Provided data:
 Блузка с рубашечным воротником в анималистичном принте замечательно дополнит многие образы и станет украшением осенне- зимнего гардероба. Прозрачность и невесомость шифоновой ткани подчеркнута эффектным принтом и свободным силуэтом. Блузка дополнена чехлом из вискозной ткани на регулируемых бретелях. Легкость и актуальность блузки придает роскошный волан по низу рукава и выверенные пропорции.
---
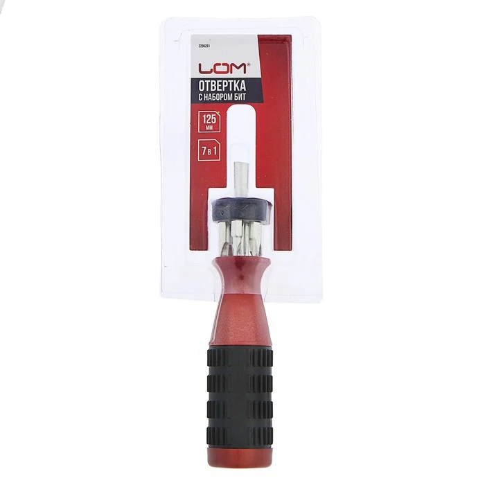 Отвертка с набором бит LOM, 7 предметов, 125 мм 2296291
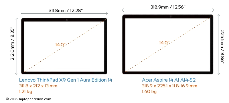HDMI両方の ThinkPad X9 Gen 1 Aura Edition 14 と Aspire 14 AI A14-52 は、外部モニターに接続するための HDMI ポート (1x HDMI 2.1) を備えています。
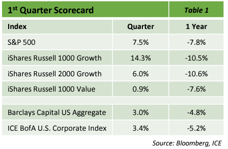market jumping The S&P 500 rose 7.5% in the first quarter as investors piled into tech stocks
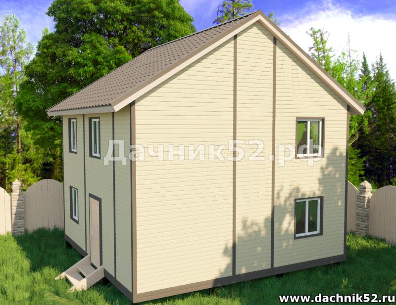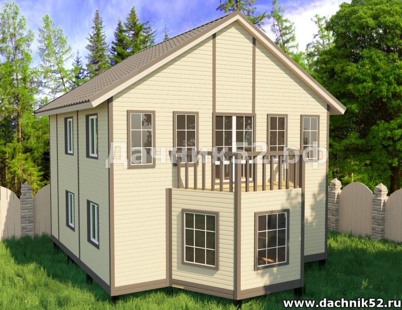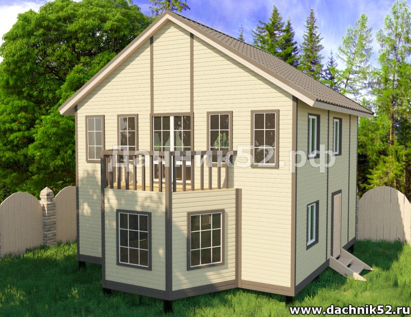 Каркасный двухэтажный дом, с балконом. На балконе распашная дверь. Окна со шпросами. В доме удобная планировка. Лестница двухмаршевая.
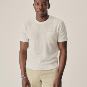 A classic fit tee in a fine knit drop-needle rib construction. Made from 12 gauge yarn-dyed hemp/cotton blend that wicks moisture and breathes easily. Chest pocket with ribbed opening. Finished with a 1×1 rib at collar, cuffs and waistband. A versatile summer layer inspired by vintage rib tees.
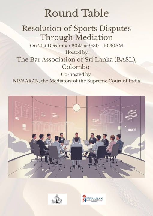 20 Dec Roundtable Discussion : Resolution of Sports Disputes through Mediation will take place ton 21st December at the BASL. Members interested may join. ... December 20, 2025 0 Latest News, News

Assignment: With the pictures removed, print only the lines starting at the line that has "Каркасный двухэтажный дом, с" and ending at the line that has "A classic fit", both ends included, exactly as they stand above.

Output of the exercise:
 Каркасный двухэтажный дом, с балконом. На балконе распашная дверь. Окна со шпросами. В доме удобная планировка. Лестница двухмаршевая.
 A classic fit tee in a fine knit drop-needle rib construction. Made from 12 gauge yarn-dyed hemp/cotton blend that wicks moisture and breathes easily. Chest pocket with ribbed opening. Finished with a 1×1 rib at collar, cuffs and waistband. A versatile summer layer inspired by vintage rib tees.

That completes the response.